Ich glaube, dass es ganz wich­tig ist, dass man auf die Frei­be­ruf­lich­keit und damit die berufs­aus­übende Unab­hän­gig­keit und Eigen­ver­ant­wort­lich­keit der Ärz­tin­nen und Ärzte, egal ob nie­der­ge­las­sene oder ange­stellte Ärz­tin­nen und Ärzte, ganz beson­ders Wert legen sollte. Das ist in mei­nen Augen der Hebel für alles. Wenn man das ver­folgt, dann erge­ben sich dar­aus schon die rich­ti­gen Folgen.

Wo lie­gen die Her­aus­for­de­run­gen des Gesund­heits­we­sens in Zukunft ganz gene­rell?

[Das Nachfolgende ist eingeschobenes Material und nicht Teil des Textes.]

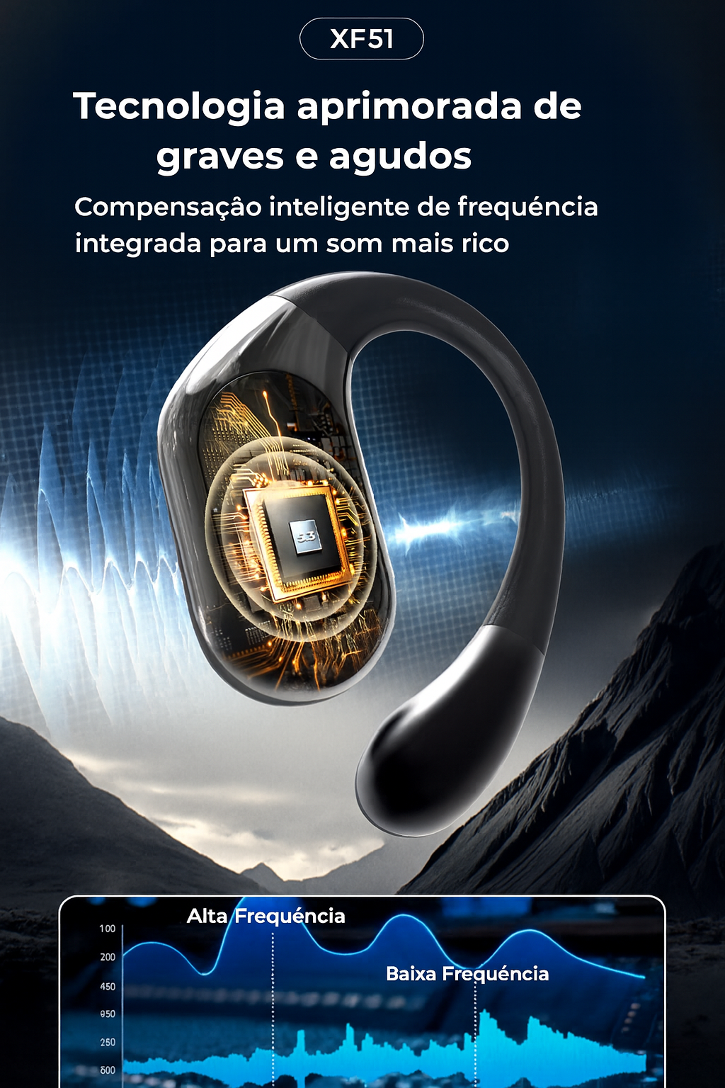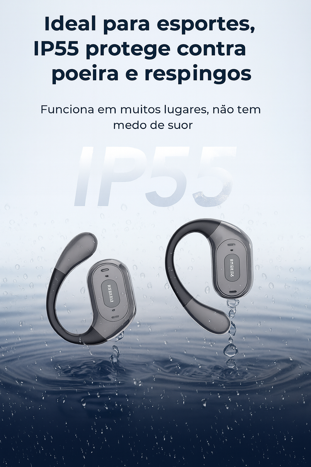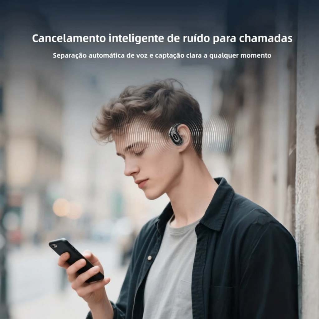 - Tipo: Fone OWS (não entra no canal do ouvido).
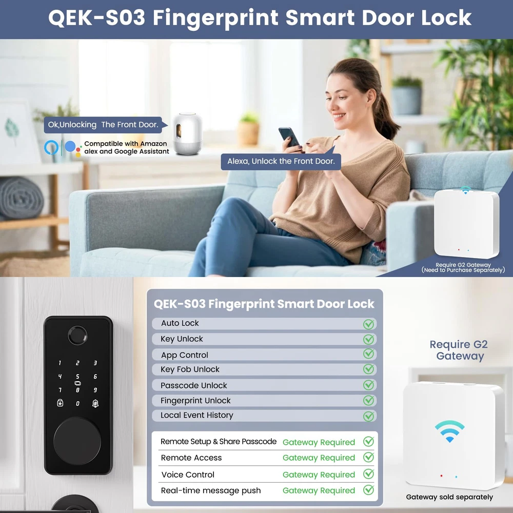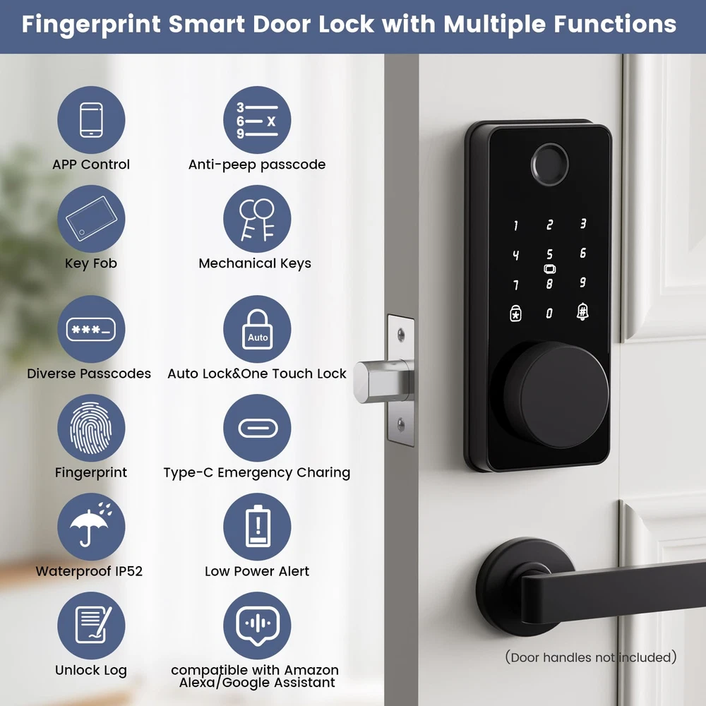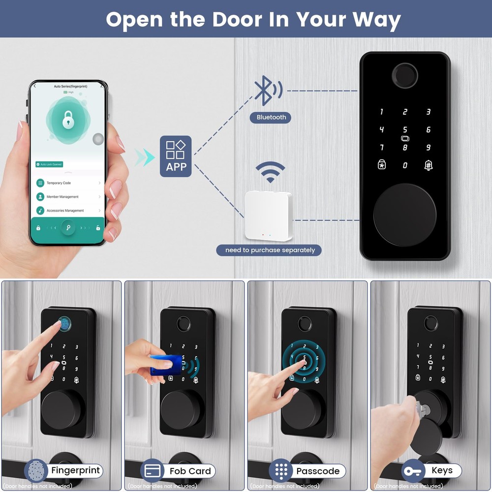 Fingerprint Smart Deadbolt: Biquole Smart Door Lock can recognize your fingerprint in just 0.3 seconds, and unlock your door in 0.5 second, faster than fumbling for your keys 5in1 smart door lock: 5 ways to unlock your door - APP, Keypad, Fingerprint, IC Fob and Mechanical Keys. Paring with WIFI gateway, device user could remotely control your smart wifi door lock anywhere anytime, set up codes remotely and check real-time access log Customized management: Sign in APP of Bluetooth Deadbolt Door Locks for Front Door, you could check the records about unlocking and wrong passcode in real time. Door Lock with Code allow setting to generate Timed, Permanent, One-time or Customized passcode for guests, friends, housekeepers or employees Secure and Durable: Intuitive touchscreen digital keypad, Alloy body, Long Battery Life, 4pcs AA batteries can provide 10,000 openings (approx. 12 months), For security reason, Smart Deadbolt will automatically lock for 5 minutes when enter the password incorrectly more than 5 times. A great solution for home hotel Airbnb etc Easy to Install: With only a screwdriver and 10 minutes of your time, you can easily install our electronic door lock yourself, saving you contractor fees
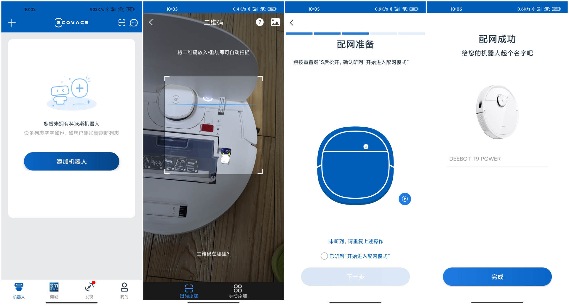 然后添加机器人>扫码机身上的二维码(WiFi连接标志处)>设备联网 ,整个配对过程非常顺利,一次成功。提示也设计的非常合理,基本一看就懂。试用过很多电器设备,感觉科沃斯产品在用户上手逻辑上还是用了心的。
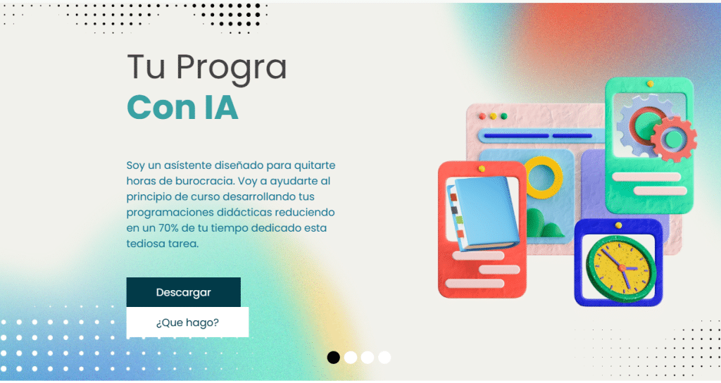 Tu Progra Con IA é unha plataforma pensada para o profesorado español que permite elaborar programacións didácticas de maneira rápida e automatizada, reducindo ata un 70 % do tempo normalmente dedicado a esta tarefa. A aplicación integra directamente o marco normativo de cada comunidade autónoma e ofrece a posibilidade de personalizar os apartados segundo a materia e o nivel educativo. Tamén xera de forma automática táboas de unidades didácticas ou situacións de aprendizaxe a partir do currículo oficial de cada territorio.
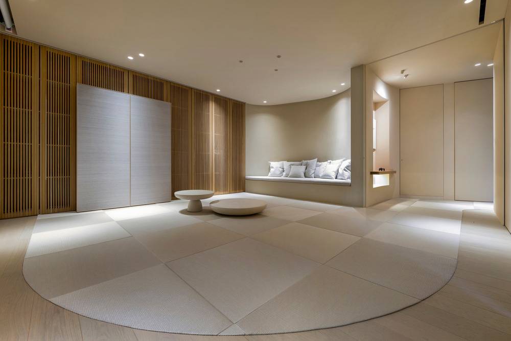 Zaoblené tvary různých prvků interiéru vycházejí částečně z principu feng-šuej.
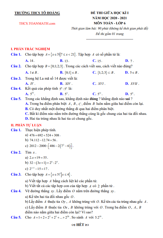 Xin chào quý thầy cô và các em học sinh lớp 6! Hôm nay, Sytu xin giới thiệu đến mọi người đề thi giữa học kì 1 môn Toán năm học 2020 – 2021 của trường THCS Tô Hoàng ở Hà Nội. Đề thi này bao gồm các câu hỏi thú vị và cung cấp đáp án cũng như lời giải chi tiết.
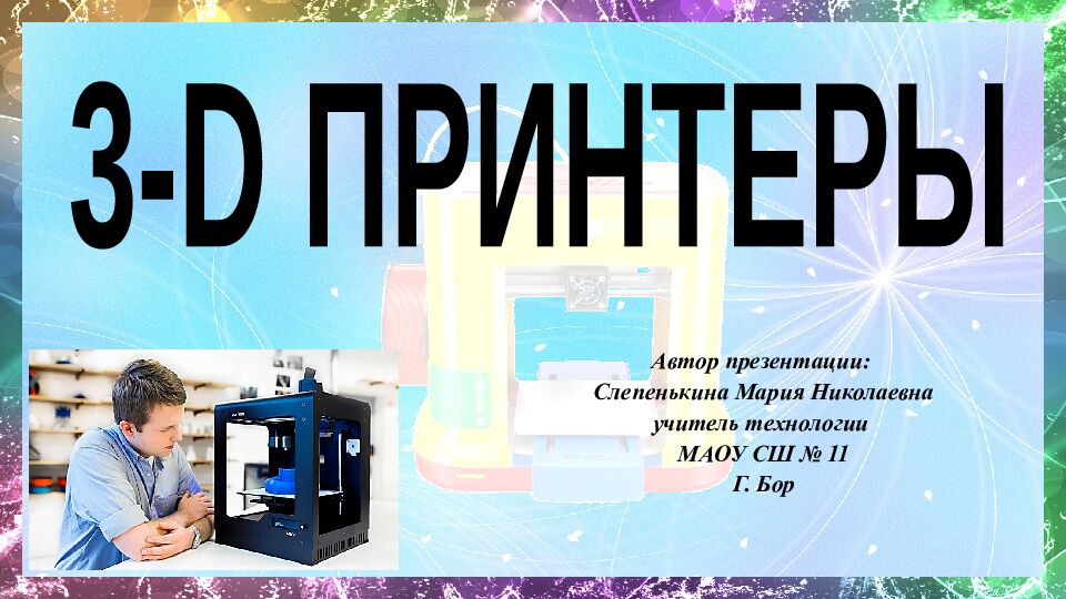 Автор презентации: Слепенькина Мария Николаевна учитель технологии МАОУ СШ № 11 Г. Бор 3- D ПРИНТЕРЫ
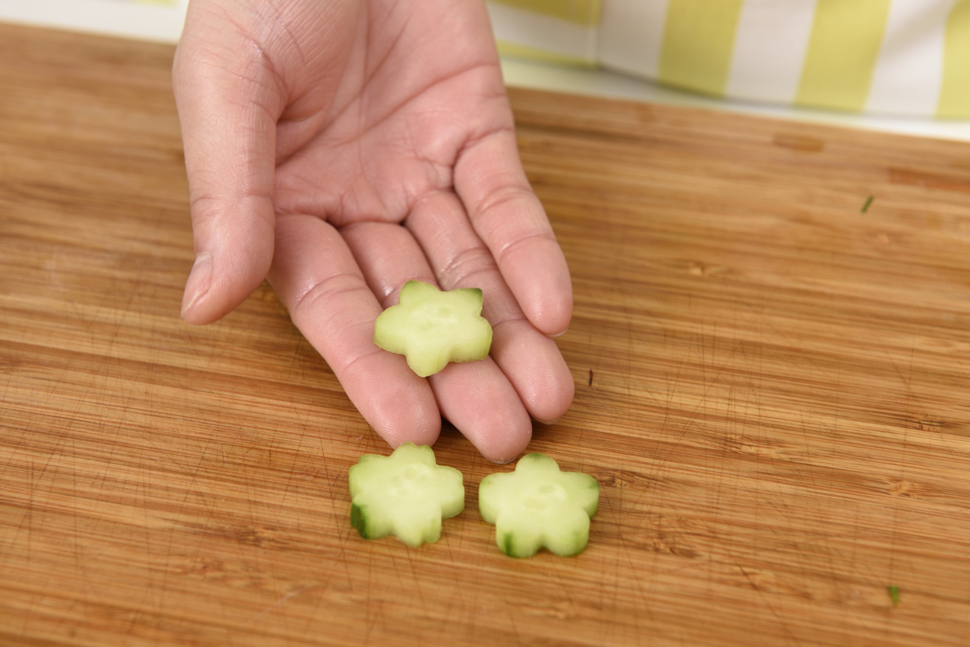 きゅうりは、型抜きを使うと子どもができる作業も増えますし、可愛く仕上がります!
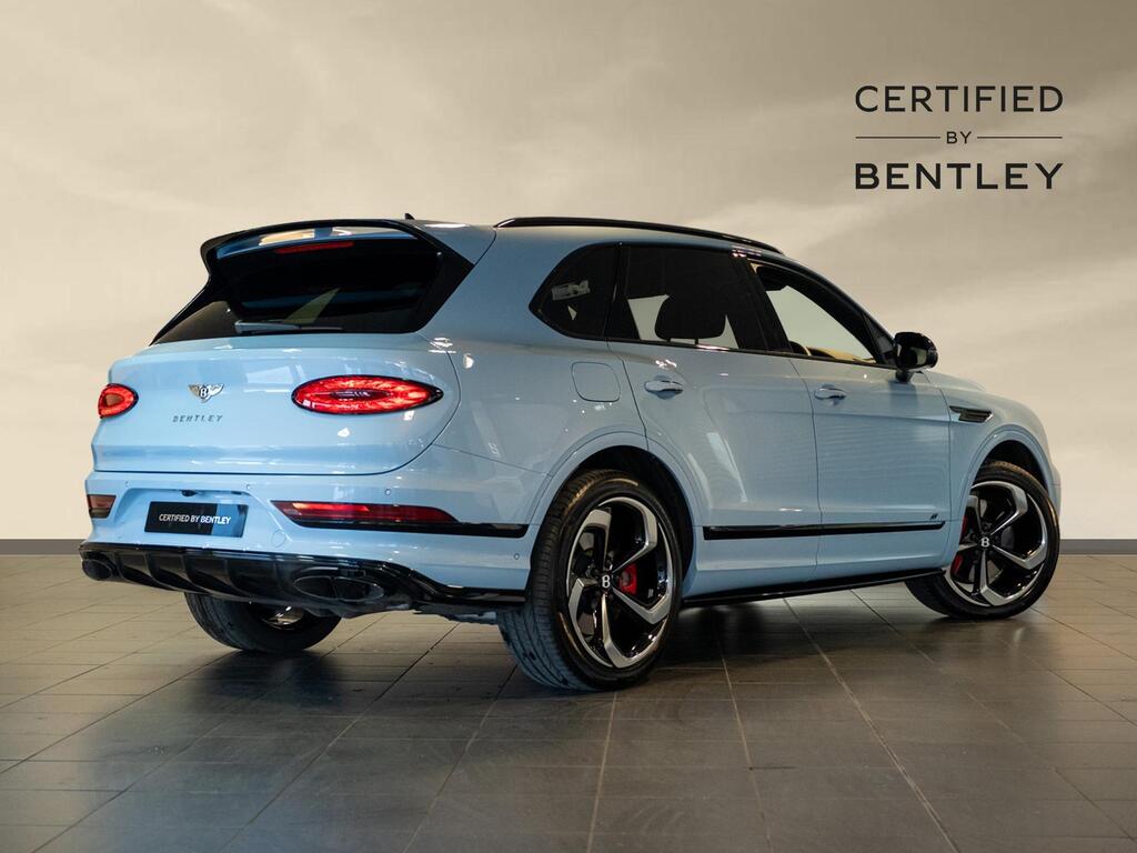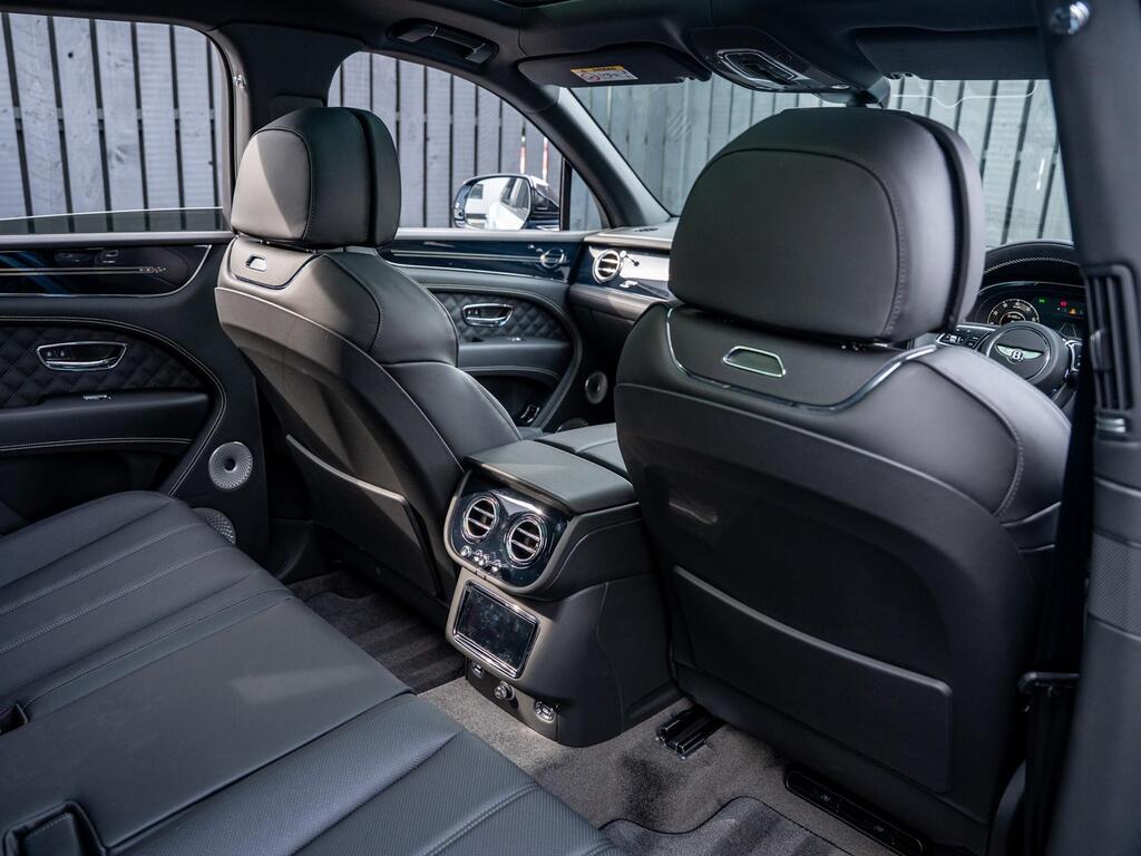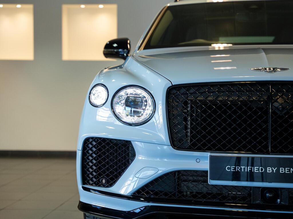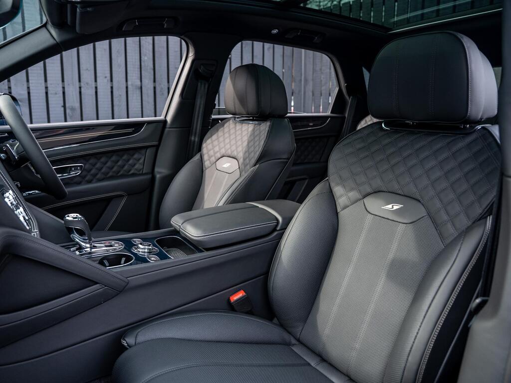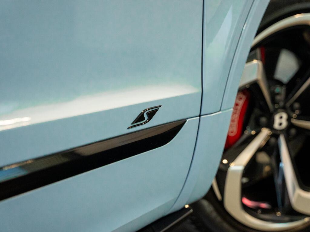 Bentley Bentayga 4.0 V8 S Auto 4WD Panoramic Sunroof на 22-дюймовых легкосплавных дисках - S-образные направляющие - черная окраска и полировка, самовыравнивающаяся эмблема - Mulliner, пятиместная комфортная комплектация, комплектация Touring, Bang and Olufsen для Bentley, центральная панель с отделкой шпоном/карбоном, сиденья с подогревом и вентиляцией, круиз-контроль, система удержания линии.

Das Sys­tem wurde aus föde­ra­lis­ti­schem Eigen­sinn viel zu sehr spi­tals­las­tig orga­ni­siert und nun weiß man nicht so recht, wie davon weg­zu­kom­men ist. Der Spi­tals­sek­tor ist bei gleich­zei­ti­ger Auf­wer­tung des nie­der­ge­las­se­nen Berei­ches zu redi­men­sio­nie­ren. Vie­les könnte im nie­der­ge­las­se­nen Bereich gemacht wer­den, wenn man die­sen ent­spre­chend ent­wi­ckelt. Aber die jet­zige Füh­rung der sozia­len Kran­ken­ver­si­che­rung hat nichts Ande­res im Sinn, als den nie­der­ge­las­se­nen Sek­tor aus rein finanz­po­li­ti­schen Zie­len her­un­ter zu fah­ren. Und sie macht eben genau das nicht, was zur Spi­tals­ent­las­tung not­wen­dig wäre: neue Kas­sen­plan­stel­len, neue Kas­sen­ärzte, neue Grup­pen­pra­xen, neue Leis­tun­gen – obwohl wir das seit Jah­ren ver­lan­gen. Die soziale Kran­ken­ver­si­che­rung hat schlicht und ein­fach ver­sagt, wenn es darum geht, die Spi­tals­ent­las­tung zu ent­wi­ckeln. Viel­leicht sogar mit Absicht?